Data extract —
-- Opening Marker --
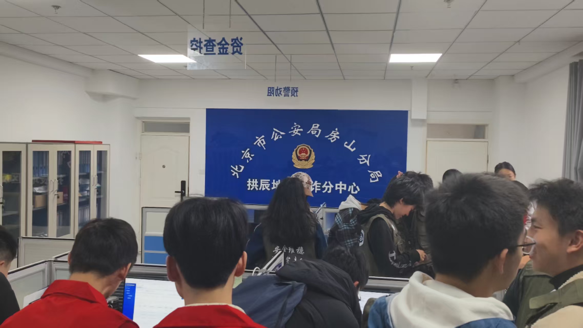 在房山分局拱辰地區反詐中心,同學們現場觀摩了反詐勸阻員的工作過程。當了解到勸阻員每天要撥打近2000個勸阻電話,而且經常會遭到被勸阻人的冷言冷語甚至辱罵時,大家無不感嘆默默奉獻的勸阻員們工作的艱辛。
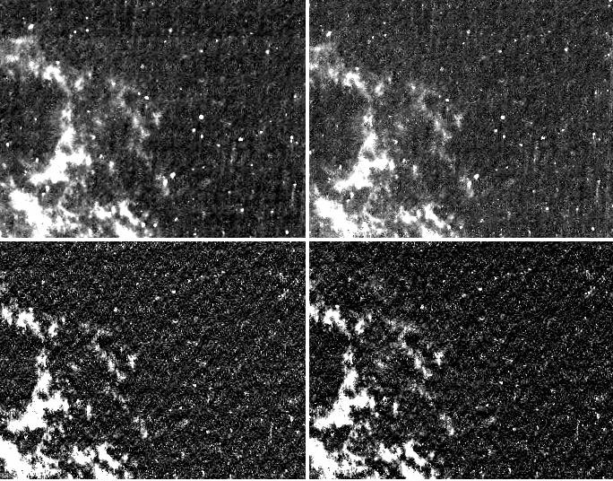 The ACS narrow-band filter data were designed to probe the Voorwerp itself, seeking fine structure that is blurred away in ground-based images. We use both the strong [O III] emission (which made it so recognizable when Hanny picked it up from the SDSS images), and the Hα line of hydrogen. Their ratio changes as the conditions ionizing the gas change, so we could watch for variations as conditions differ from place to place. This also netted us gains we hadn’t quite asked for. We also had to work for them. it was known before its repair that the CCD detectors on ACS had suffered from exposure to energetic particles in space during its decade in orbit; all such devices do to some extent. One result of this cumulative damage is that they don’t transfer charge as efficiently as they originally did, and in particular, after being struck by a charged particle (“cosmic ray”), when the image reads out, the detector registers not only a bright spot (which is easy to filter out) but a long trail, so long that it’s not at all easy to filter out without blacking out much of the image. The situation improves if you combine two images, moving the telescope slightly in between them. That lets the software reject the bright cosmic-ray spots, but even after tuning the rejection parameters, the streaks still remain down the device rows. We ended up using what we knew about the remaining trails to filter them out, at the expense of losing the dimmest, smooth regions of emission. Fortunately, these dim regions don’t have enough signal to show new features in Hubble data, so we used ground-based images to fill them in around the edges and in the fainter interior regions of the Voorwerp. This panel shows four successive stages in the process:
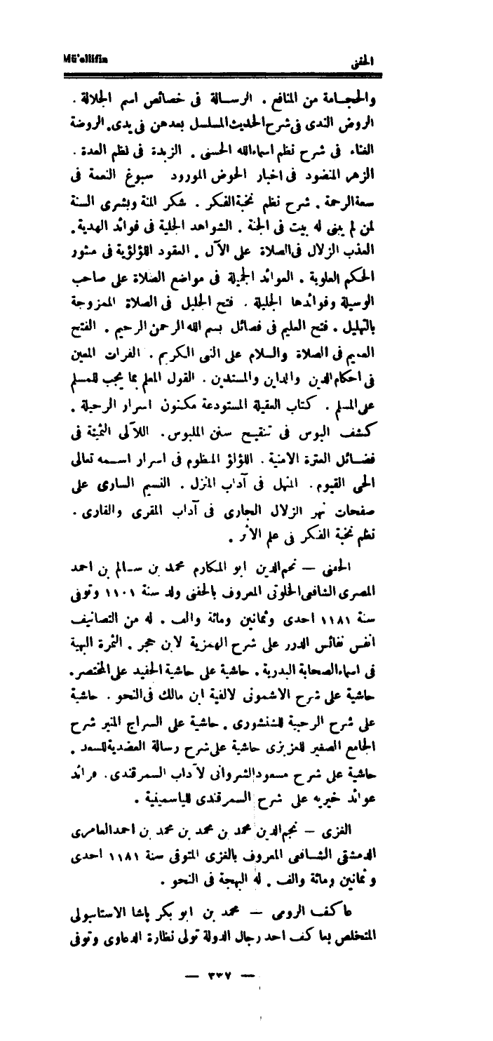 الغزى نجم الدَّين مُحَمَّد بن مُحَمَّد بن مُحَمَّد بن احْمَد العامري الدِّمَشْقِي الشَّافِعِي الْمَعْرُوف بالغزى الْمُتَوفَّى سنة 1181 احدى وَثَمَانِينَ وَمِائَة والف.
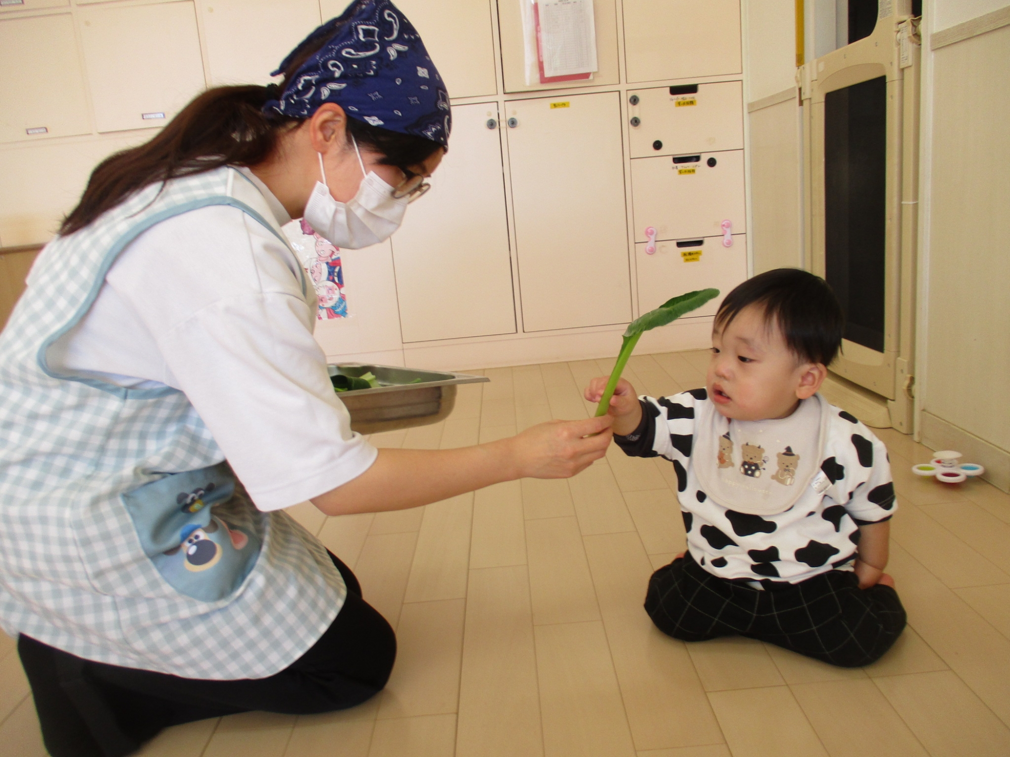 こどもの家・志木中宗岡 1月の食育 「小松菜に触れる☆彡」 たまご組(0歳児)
-- Closing Marker --
Problem description — Omit the pictures and output all of the other material exactly.

Answer section —
 在房山分局拱辰地區反詐中心,同學們現場觀摩了反詐勸阻員的工作過程。當了解到勸阻員每天要撥打近2000個勸阻電話,而且經常會遭到被勸阻人的冷言冷語甚至辱罵時,大家無不感嘆默默奉獻的勸阻員們工作的艱辛。
 The ACS narrow-band filter data were designed to probe the Voorwerp itself, seeking fine structure that is blurred away in ground-based images. We use both the strong [O III] emission (which made it so recognizable when Hanny picked it up from the SDSS images), and the Hα line of hydrogen. Their ratio changes as the conditions ionizing the gas change, so we could watch for variations as conditions differ from place to place. This also netted us gains we hadn’t quite asked for. We also had to work for them. it was known before its repair that the CCD detectors on ACS had suffered from exposure to energetic particles in space during its decade in orbit; all such devices do to some extent. One result of this cumulative damage is that they don’t transfer charge as efficiently as they originally did, and in particular, after being struck by a charged particle (“cosmic ray”), when the image reads out, the detector registers not only a bright spot (which is easy to filter out) but a long trail, so long that it’s not at all easy to filter out without blacking out much of the image. The situation improves if you combine two images, moving the telescope slightly in between them. That lets the software reject the bright cosmic-ray spots, but even after tuning the rejection parameters, the streaks still remain down the device rows. We ended up using what we knew about the remaining trails to filter them out, at the expense of losing the dimmest, smooth regions of emission. Fortunately, these dim regions don’t have enough signal to show new features in Hubble data, so we used ground-based images to fill them in around the edges and in the fainter interior regions of the Voorwerp. This panel shows four successive stages in the process:
 الغزى نجم الدَّين مُحَمَّد بن مُحَمَّد بن مُحَمَّد بن احْمَد العامري الدِّمَشْقِي الشَّافِعِي الْمَعْرُوف بالغزى الْمُتَوفَّى سنة 1181 احدى وَثَمَانِينَ وَمِائَة والف.
 こどもの家・志木中宗岡 1月の食育 「小松菜に触れる☆彡」 たまご組(0歳児)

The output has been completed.